* [ASSIGNMENT] The copy has to match the data exactly and leave out every picture.

* [RECORDED DATA]
|---|

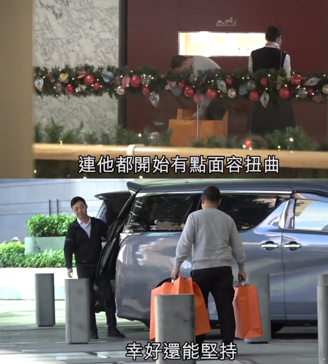15分钟后,保镖快步返回店内,又拎了三大袋的购物袋出来,购物袋大,里边的商品又十分昂贵,保镖拎起来明显有些手忙脚乱。
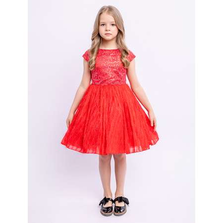 Легкое красное платье из хлопка с юбкой с трикотажной принтованной сеткой. Ткань верха 100% хлопок, сетка 100% полиэстер. Лиф украшен узором из пайеток. Очаровательное мини-платье подойдет для праздника в детском саду.
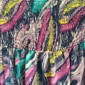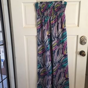 Maxi dress with an adjustable and removable straps. Stretchable top and flowy bottom. Turquoise, purple, pink, black, white color. One time used.
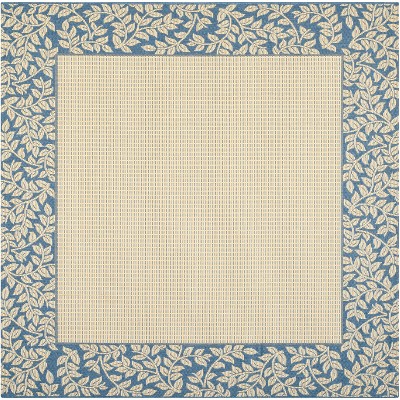 Courtyard CY2665 UV & Stain Resistant Non-Shedding Power Loomed Indoor/Outdoor Area Rug - Natural/Blue - 6'7"x6'7" - Safavieh

|---|

* [PROBLEM SOLUTION]
15分钟后,保镖快步返回店内,又拎了三大袋的购物袋出来,购物袋大,里边的商品又十分昂贵,保镖拎起来明显有些手忙脚乱。
 Легкое красное платье из хлопка с юбкой с трикотажной принтованной сеткой. Ткань верха 100% хлопок, сетка 100% полиэстер. Лиф украшен узором из пайеток. Очаровательное мини-платье подойдет для праздника в детском саду.
 Maxi dress with an adjustable and removable straps. Stretchable top and flowy bottom. Turquoise, purple, pink, black, white color. One time used.
 Courtyard CY2665 UV & Stain Resistant Non-Shedding Power Loomed Indoor/Outdoor Area Rug - Natural/Blue - 6'7"x6'7" - Safavieh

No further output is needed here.